Government criticised for plans that would allow developers to destroy wildlife and woodlands if they create new habitats elsewhere
Damian Carrington theguardian.com 5 Sep 13;
Developers will be allowed to destroy wildlife and woodlands if they create new habitats elsewhere, under government plans published by the environment secretary, Owen Paterson, on Thursday.
Ministers hope the proposals, called biodiversity offsetting, will make it easier for new housing and commercial schemes to go ahead, boosting the economy. But environment groups dubbed the plans a "licence to trash nature".
"Offsetting is an exciting opportunity to look at how we can improve the environment as well as grow the economy," said Paterson, launching consultation on the plans. "There is no reason why wildlife and development can't flourish side-by-side."
Ministers have been frustrated that some major schemes have been obstructed by wildlife concerns, such as the 85 nightingales blocking a £1bn housing development in Kent.
But Sandra Bell, nature campaigner at Friends of the Earth (FoE), said: "Nature is unique and complex – not something that can be bulldozed in one place and recreated in another at the whim of a developer. Instead of putting nature up for sale the government should strengthen its protection through the planning system and set out bold plans to safeguard and restore wildlife across the UK."
The Woodland Trust chief executive, Sue Holden, said: "It is critical that any habitats created to compensate for loss are placed within the local area that suffered the original impact. Unfortunately, this still appears open to debate [in the proposals]."
Tom Tew, chief executive of the Environment Bank which is the company acting as the independent broker between planners and developers, told the Guardian: "I think FoE and others completely misunderstand how biodiversity offsetting works. It is not a licence to trash, it is the complete opposite. When you put a value on biodiversity, you are putting a financial incentive for developers not to trash it."
A major recent assessment of Britain's natural world showed that wildlife has declined steeply in the last 50 years.
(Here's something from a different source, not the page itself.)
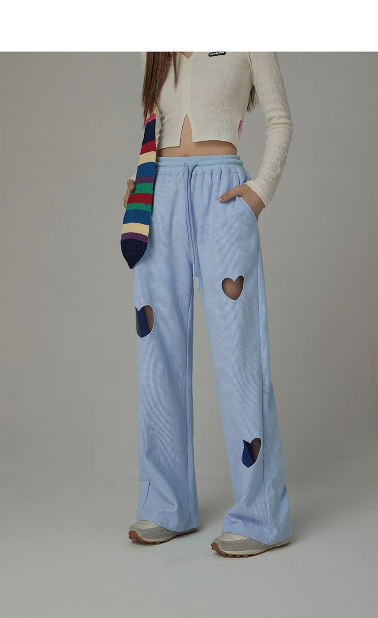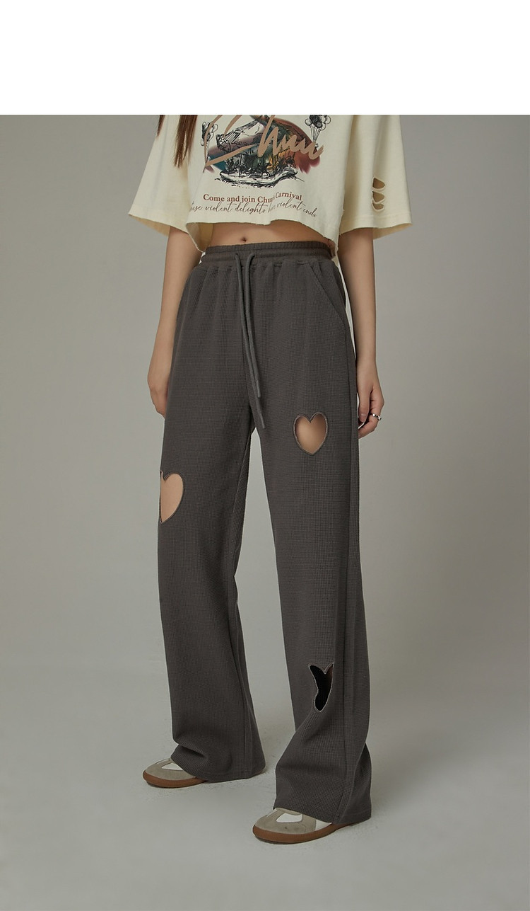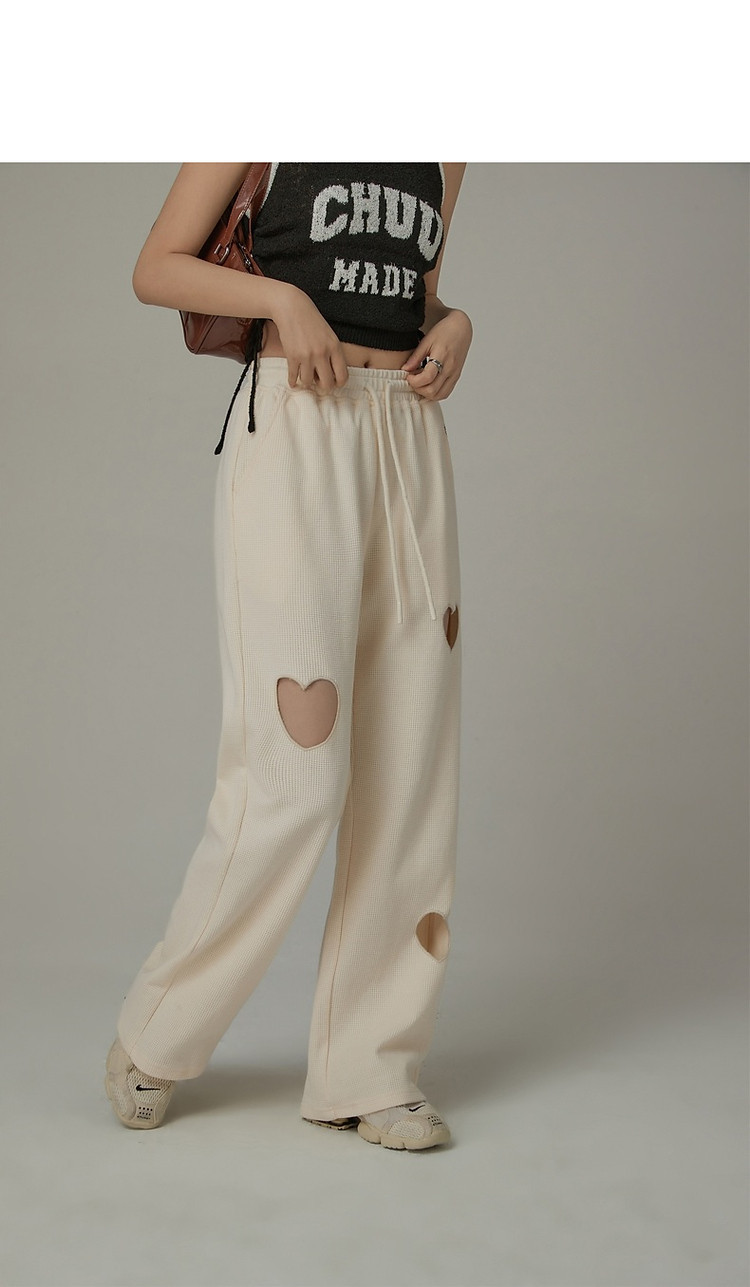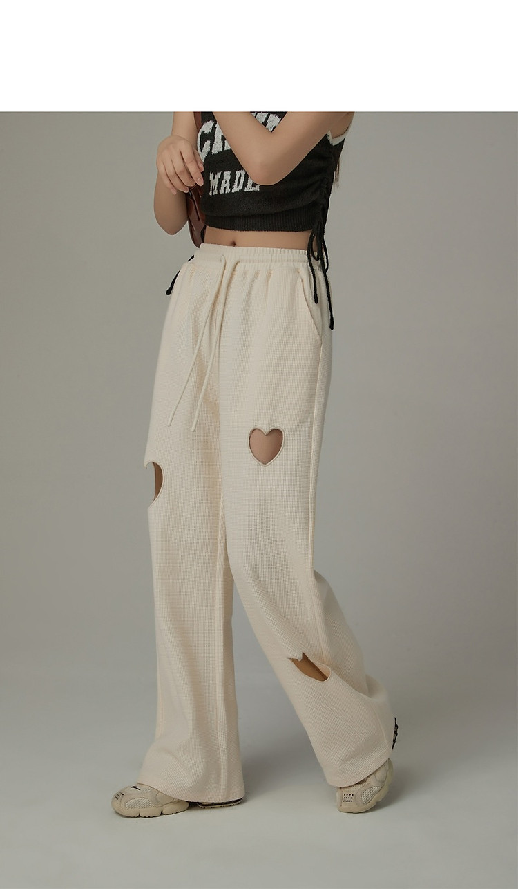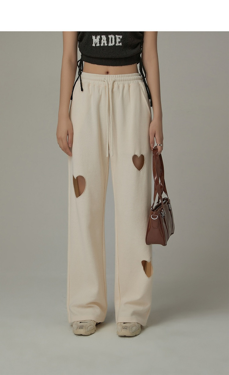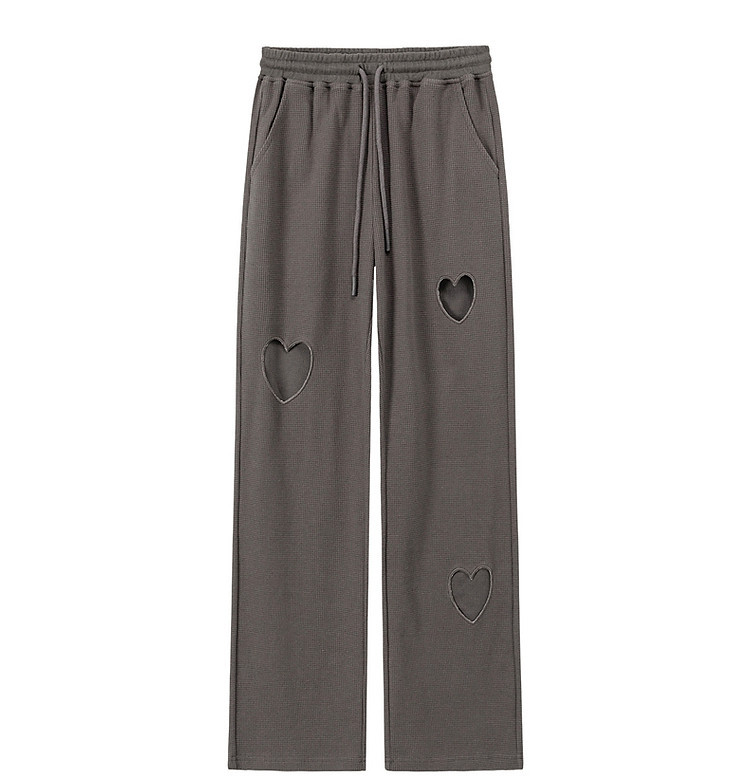镂空爱心休闲裤女2025夏设计感长裤子抽绳阔腿裤 222931

It found 97% of flower-rich lowland meadows, which support birds, bees and butterflies, had been destroyed since the 1930s.
Tew, a former chief scientist at Natural England, said the current planning system is not working for nature. He said most biodiversity offsets would be compensating for degraded grassland developed for housing by restoring meadows elsewhere. Tew added that local planners were likely to insist on offsets "being just down the road". He said: "If done well, it could be one of the most beneficial schemes for wildlife in the last 30 years."
The government is running six biodiversity offsetting pilots but has yet to report any results. A spokeswoman for the Department of Environment, Food and Rural Affairs said a trial in Warwickshire was closest to the government's new proposals, but Tew said the slowness of the planning system meant that trial had yet to deliver any offsets.
Mike Clarke, chief executive of the RSPB, said: "Offsetting can be a useful tool for compensating harm to wildlife when all other options have been exhausted. But it is very difficult to get it right, and it is much safer to maintain wildlife habitats where they are. There is a real danger that offsetting could simply amount to a licence to trash."